Each ArcWorld workcell features a total safety environment compliant with ANSI/RIA R15.06-2012 (and other international standards). Powered roll-up doors improve ergonomics and are interlocked with robot operation to safeguard the operator during part load/unload, Yaskawa maintained. Safety features include a single point of operator control, dual-channel light curtains and E-stop functionality, safety interlocked gates, integrated speed monitoring and manual brake release for the robot.
Many pre-engineered, value-added options are available, including isolation transformers, second enabling switch, tip change box, bulk wire delivery, low wire sensor, gas flow sensor, exhaust hood and a stack light.
ArcWorld 50 models are easy to set up and relocate. The space-saving workcell design has a 4,570 x 2,285 millimeter (15 feet x 7.5 feet) footprint and fits in a standard 110-inch trailer. The robot, positioner and safety fence all ship on a common platform, reducing installation and setup time.

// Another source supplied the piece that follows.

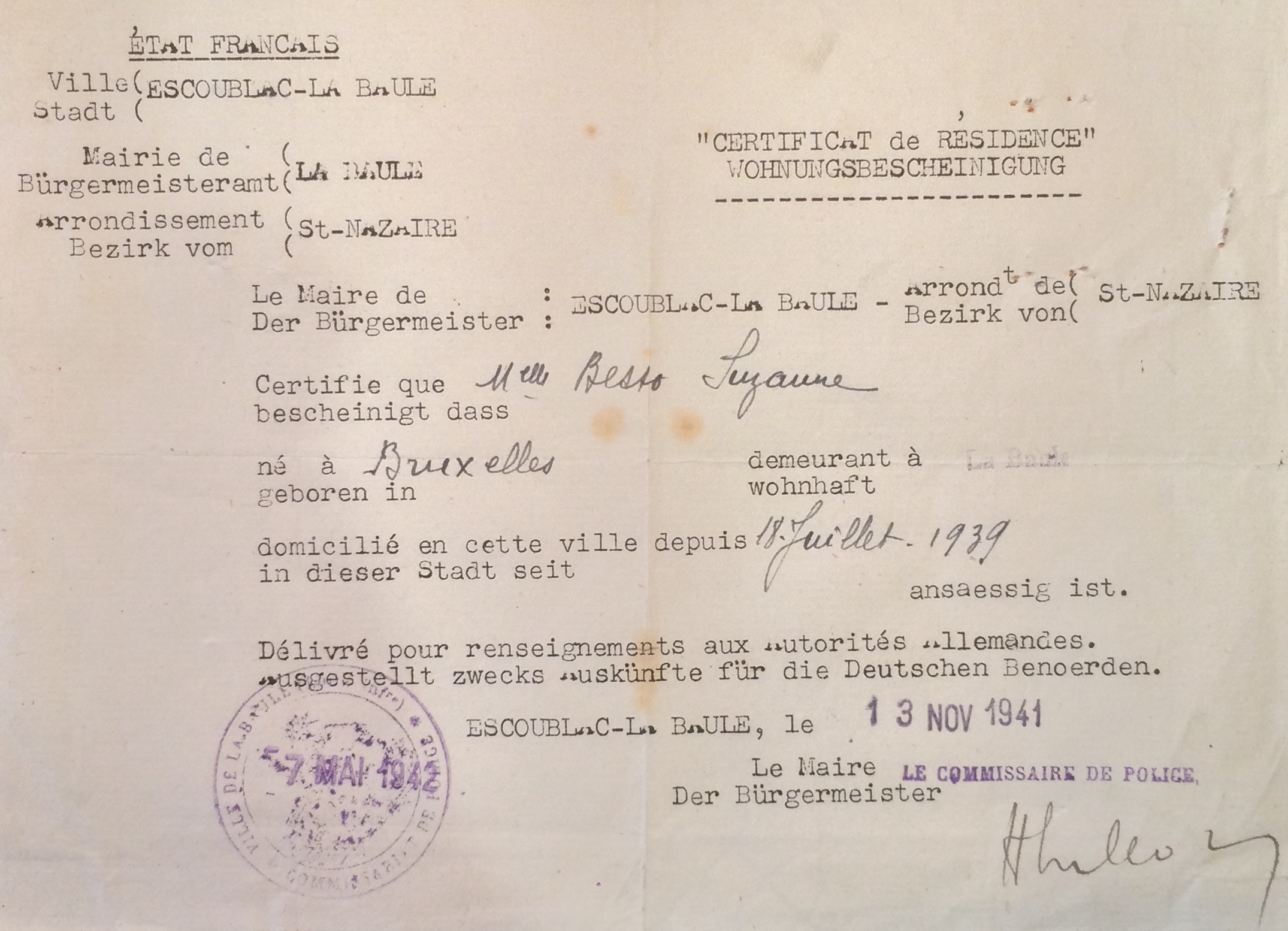 Entre le 27 septembre et le 20 octobre 1940, Maurice BESSO se fait recenser auprès de la sous-préfecture de Saint-Nazaire sous le numéro 138. Juste après, sa belle-soeur Linda et ses trois enfants se font recenser et habitent tout près Villa Martine, Avenue d’Alsace/Avenue de Lorraine à La Baule.

The controller and power source are shipped attached to the cell base and can be separated for maintenance.
Universal Weldcom Interface
UWI enables easy control of any weld process or parameter, including voltage, amperage and wire feed speed through a common user interface for Miller and Lincoln Electric digital welding power supplies. Highly functional, the UWI can filter weld modes based on process type, wire size, wire type and gas type.
Up to 16 unique processes from the power source library can be defined for easy access within the interface, and up to 1,000 custom arc files with specific processes and parameters are available for use in motion programming, Yaskawa said.
Up to six weld process parameters in a weld sequence—such as Pre-Flow, Start, Main, Crater and Finish Condition—are easily set. Standard functions—such as Arc-Retry, Arc Monitor Data Enable, Re-Start and Weld Line Shift—are conveniently utilized. A new Dual Pulse function allows alternating between MIG weld parameters and settings for aesthetically pleasing TIG-like cosmetics.
Weld settings on the UWI use terminology that matches the user’s preferred power source. Standard ARCON commands are used, eliminating the need for complicated macro jobs. Programming with arc file interface or inline instructions is supported. Easy access to graphical help screens explains terminology and functions.
UWI is fully compatible with arc welding performance-tracking features native to the power source. Live weld status is presented on the IF Panel display or Graphic Arc Monitor. Weld data can be exported for use in PLCs and part quality serialization. Arc Monitor results from Miller Insight Centerpoint or Lincoln CheckPoint Production Monitoring can be used for alarms or reported to PLCs. Hardware communication for diagnostics is also monitored and logged.
UWI can be used on up to four AR-series arc welding robots with YRC1000 controller (YAS2.81.00-00 firmware or higher). It is compatible with the Miller Auto-Continuum 350 or 500, or the Lincoln Power Wave with ArcLink XT. A simplified networking utility enables easy setup between the robots and the welders, Yaskawa said.
The company said it is planning to add additional features and global power source compatibility in the future.